### WHAT IS REQUIRED
Look below for the line containing "Annually we host", then write out that line and every line after it to the end, exactly, minus the pictures.

### GIVEN INFORMATION
= = =

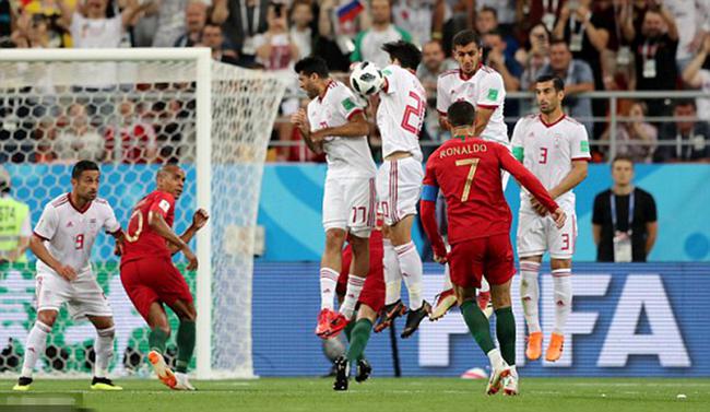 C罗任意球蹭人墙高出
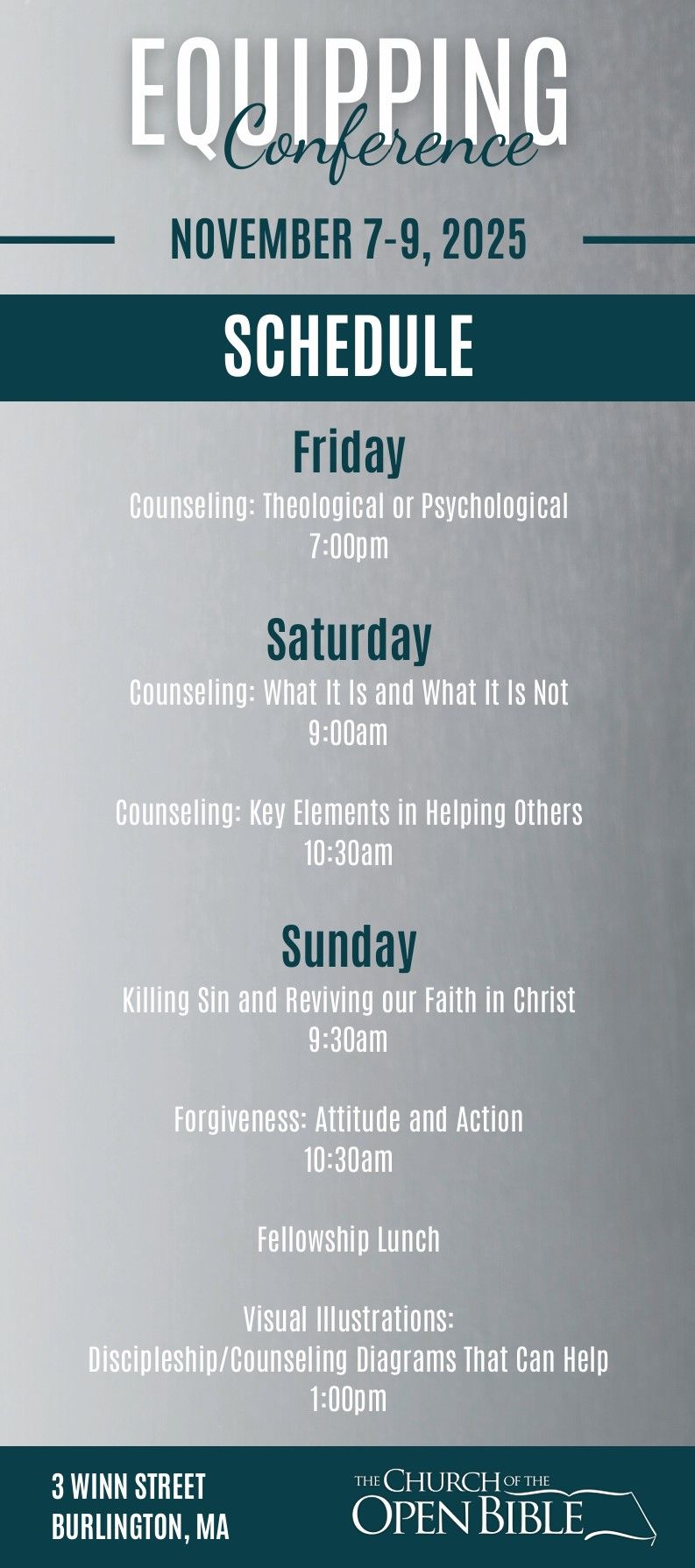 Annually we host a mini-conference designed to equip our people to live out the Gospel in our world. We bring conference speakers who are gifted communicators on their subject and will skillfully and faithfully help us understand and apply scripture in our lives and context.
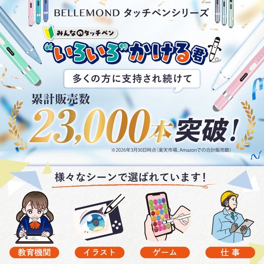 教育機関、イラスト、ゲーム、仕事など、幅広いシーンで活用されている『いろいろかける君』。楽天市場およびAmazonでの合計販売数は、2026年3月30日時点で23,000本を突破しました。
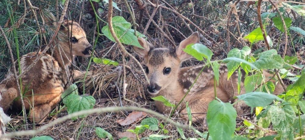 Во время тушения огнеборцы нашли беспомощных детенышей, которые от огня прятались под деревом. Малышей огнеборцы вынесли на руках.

= = =

### ANSWER SPACE
 Annually we host a mini-conference designed to equip our people to live out the Gospel in our world. We bring conference speakers who are gifted communicators on their subject and will skillfully and faithfully help us understand and apply scripture in our lives and context.
 教育機関、イラスト、ゲーム、仕事など、幅広いシーンで活用されている『いろいろかける君』。楽天市場およびAmazonでの合計販売数は、2026年3月30日時点で23,000本を突破しました。
 Во время тушения огнеборцы нашли беспомощных детенышей, которые от огня прятались под деревом. Малышей огнеборцы вынесли на руках.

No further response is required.